The first exoplanets were found by measuring how a planet tugged on a star in a process called radial velocity, and it only worked for very large planets. Kepler employed the transit method, which waits for a planet to pass in front of its star and blot the light just a bit. But not every planet transits, and radial velocity is only now getting to the point that it can find planets around the mass of Earth. (There are, of course, several other exoplanet hunting techniques, but they’ve yielded fewer results.)
Feng’s work on the Tau Ceti system last year stretched radial velocity to its absolute limits in order to find four planets around the nearby star. Feng had to build algorithms to find these four worlds—all between the mass of Earth and Neptune—based on weak “tug” signals that might otherwise have been written off as some kind of stellar activity. That study was the culmination of 10 years of work and more than 5,000 observations.
NASA plans instead to rely on information from the Transiting Exoplanet Survey Satellite, set for launch in March, to home in on the best worlds for JWST to study. It’ll look for the dimming caused by a planet passing in front of its star, just like Kepler. But unlike Kepler, it will specifically look for planets around bright stars ideal for study by the Webb telescope, ending up with a lower overall yield of exoplanets.
One of JWST’s first targets will likely be the TRAPPIST-1 star, a system of seven Earth-sized planets, some which may have the right conditions for liquid water. That planet is the end result of another survey that only looked at 50 stars. Michael Gillon, a project lead on the TRAPPIST telescope, said that TRAPPIST-1 was the only planet-bearing star found in four years of research. A recent extension of the mission added 50 more targets—and still only expects to yield a very small number of planets due to the low occurrence of transits.
“We don’t really expect [TRAPPIST] to find more planets, even if all ultracool stars have a planetary system similar to TRAPPIST-1,” Gillon said. Ultracool dwarfs are the smallest normal stars that have low temperatures, thus offering more temperate planets, referring to the temperature of the star and therefore its ability to potentially be near an Earth-like planet.
Next year, Gillon’s TRAPPIST follow-up, SPECULOOS (the Search for Habitable Planets Eclipsing Ultra-Cool Stars), will debut. TRAPPIST was meant as a prototype to find planets around small, “cool” stars.
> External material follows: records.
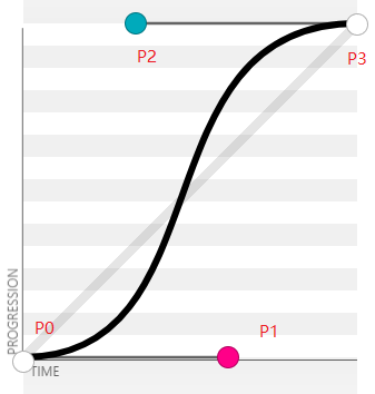 三次贝塞尔曲线需要四个点来定义,P0 、P1 、P2、P3。P0、P1、P2、P3 四个点在平面或在三维空间中定义了三次方贝塞尔曲线。曲线起始于 P0 走向 P1,并从 P2 的方向来到 P3。一般不会经过 P1 或 P2;这两个点只是在那里提供方向资讯。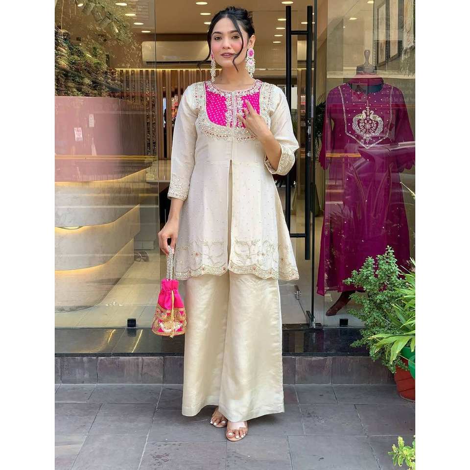 ชุดนักออกแบบด้านบนและด้านล่างของผู้หญิงพร้อมงานปักลำดับการเข้ารหัส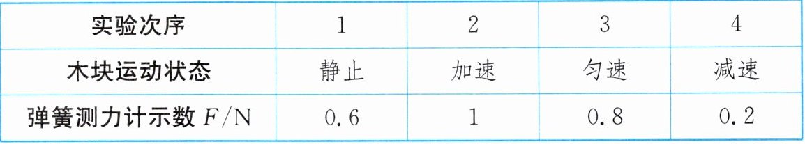 1. 某同学用如图所示的实验装置测量滑动摩擦力的大小,实验过程中,该同学将木块的运动状态和弹簧测力计的示数记录在表格中。第4次实验中,木块受到的摩擦力大小是(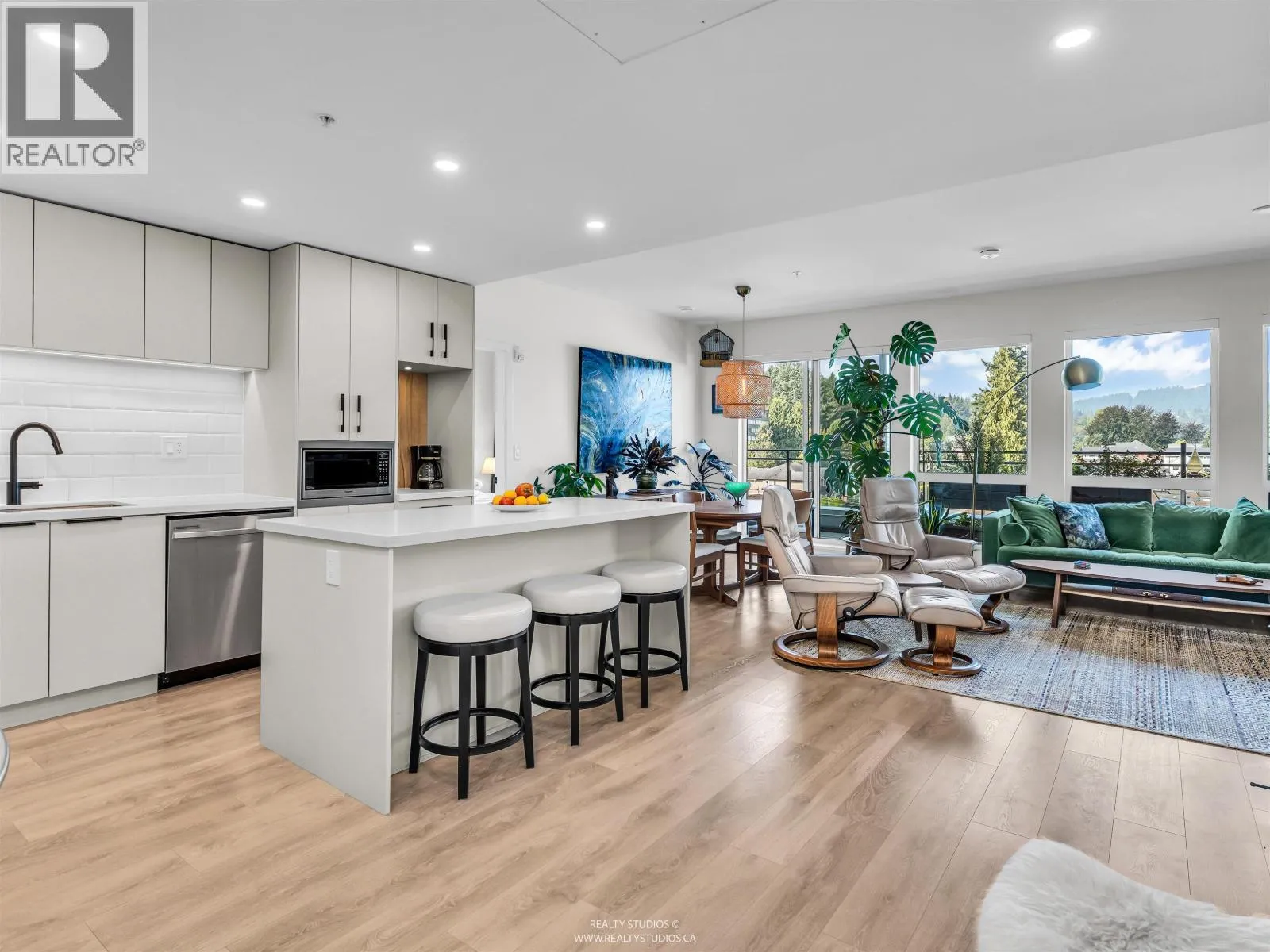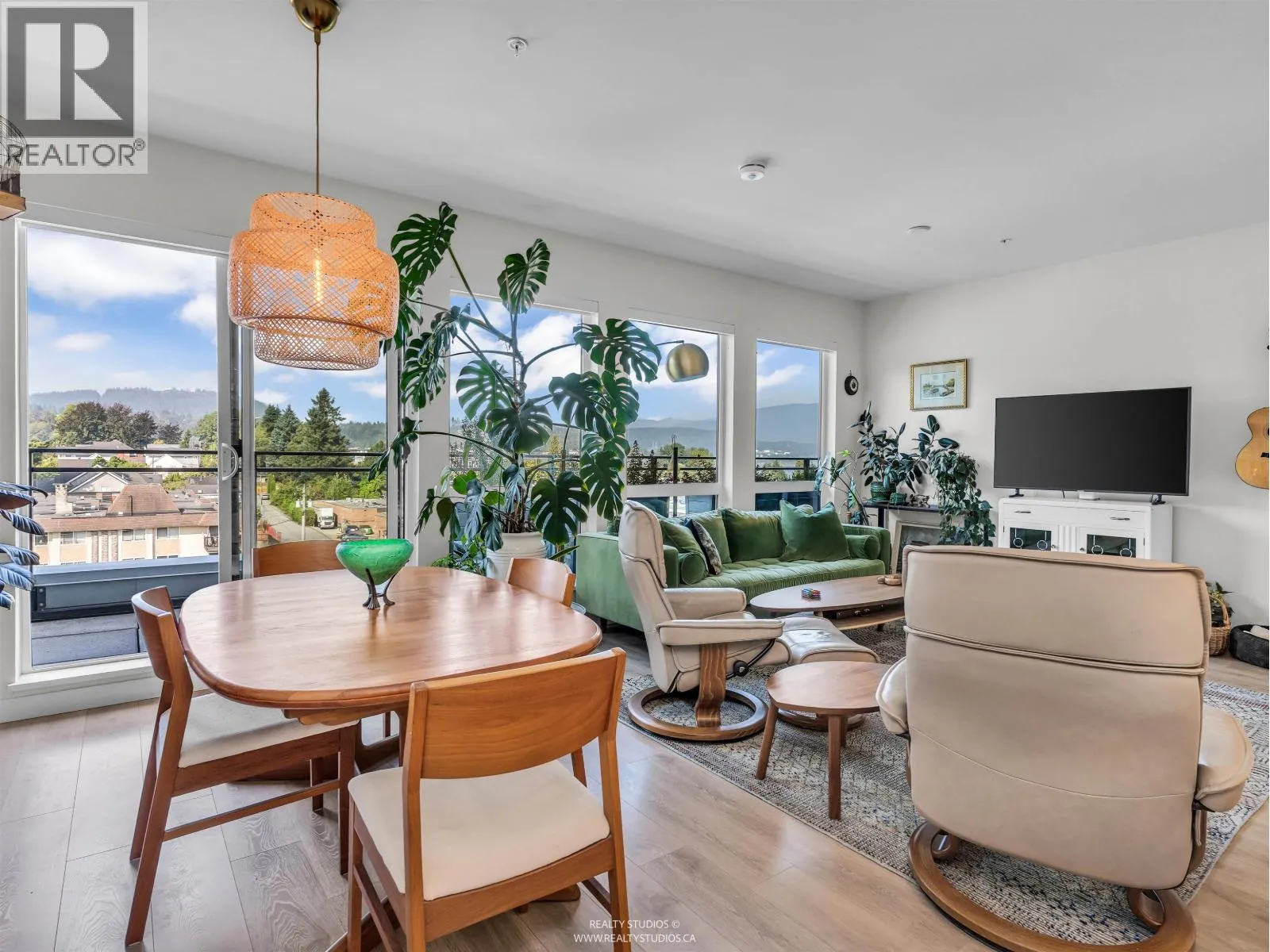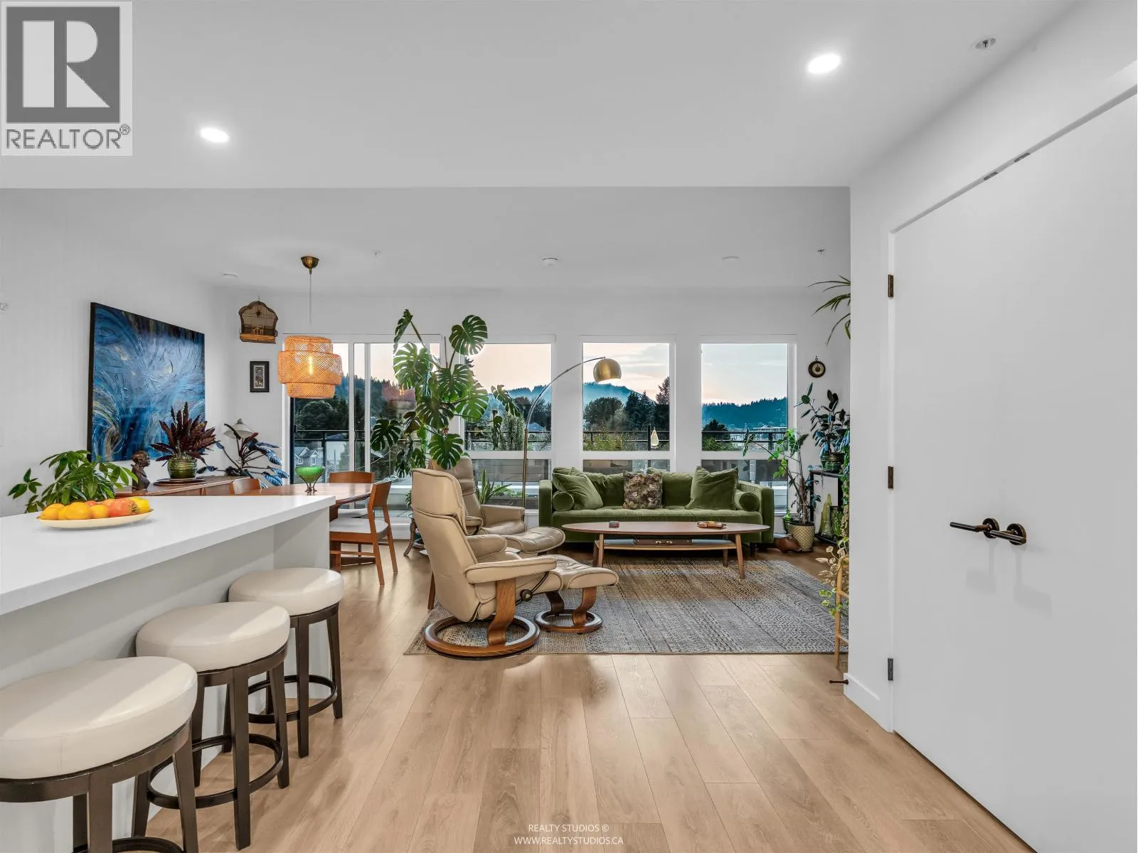 Spacious 2 bed, 2 bath penthouse condo in the George by Marcon in Port Moody. Enjoy the spectacular sunsets and Mountain views ( partial ocean views) from the large balcony. Open floorplan with high ceilings and great light! Air conditioned. Full sized stainless steel appliances including a gas stove. Tons of storage! Motorized roller blinds throughout. Blond oak laminate flooring. Both bedrooms are large enough for a king sized bed and have spacious walk in closets. Primary bedroom is ensuite with radiant in-floor heating and double vanities. Laundry room has side by side washer and dryer. Two parking stalls and a large private storage room. Located just 5 minutes away from both Moody Centre SkyTrain Station and the West Coast Express. Balance of new home warranty. Pet friendly building. Open House Saturday and Sunday Oct 4+5 2PM-4PM (id:27476)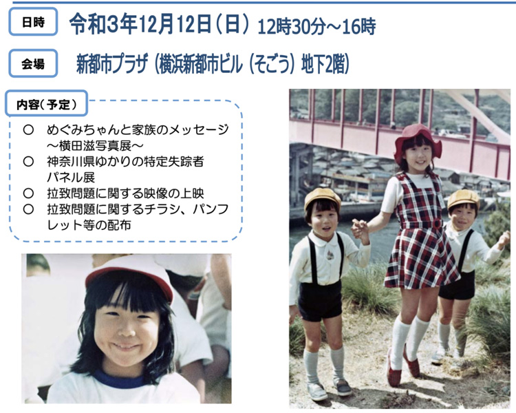このたび、横浜市・神奈川県の主催により、拉致被害者横田めぐみさん及び神奈川県ゆかりの特定失踪者の方々の写真展が開催されます。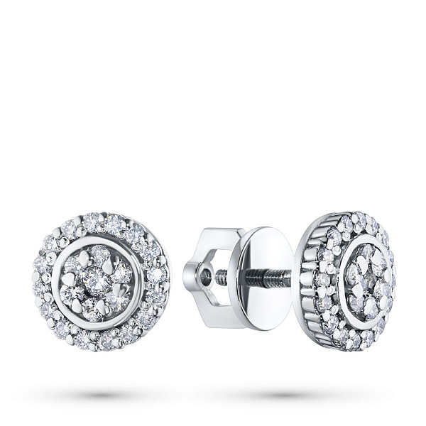 Пусеты из белого золота — великолепное пополнение вашей коллекции украшений. Белое золото подчеркивает игру света на алмазных гранях, не боится влаги, подходит для повседневного ношения. Наши товары реализуются только в фирменных салонах.

But if TRAPPIST was meant to find just a couple worlds, SPECULOOS—with a telescope in both hemispheres—is expected to find a few dozen at a rate of one or two per year.
Will we find another Earth?
Red Dots, the group formerly known as Pale Red Dots, recently widened their scope to Barnard’s Star and Ross 154, two stars near Proxima b. “There’s this thought now that the closest stars are of incredible value, and that it’s worth focusing on them especially now that we’ve shown that every star has something to show for itself,” Seager, who is not involved in the project, said.
But Red Dots is just one of a narrow searches out there. Project Blue aims to find a habitable planet around one of the stars in the binary pair of stars in Alpha Centauri; Proxima orbits both stars a significant distance away. There’s Seager’s own ASTERIA project, which launched a small satellite last year to figure out if you can send out mini-satellites to look for exoplanets on a star-by-star basis.
The hunt for the next Earth by surveying stars won’t go away by any means. But in order to find out anything about these planets and figure out if the smaller ones we see aren’t just Earth-size or Earth-mass, but truly Earth-like, will take a lot of work.
“Let’s say there’s an alien civilization not too far away looking at our solar system with the same tools we have, but maybe a little bit better,” Seager analogized. “They would see Venus and Earth, and they would be the same planet. They wouldn’t know if one planet was habitable or not. They’d probably be pretty excited, because they have two planets, possibly in the habitable zone, but they’re basically the same size and mass to within a few percent.”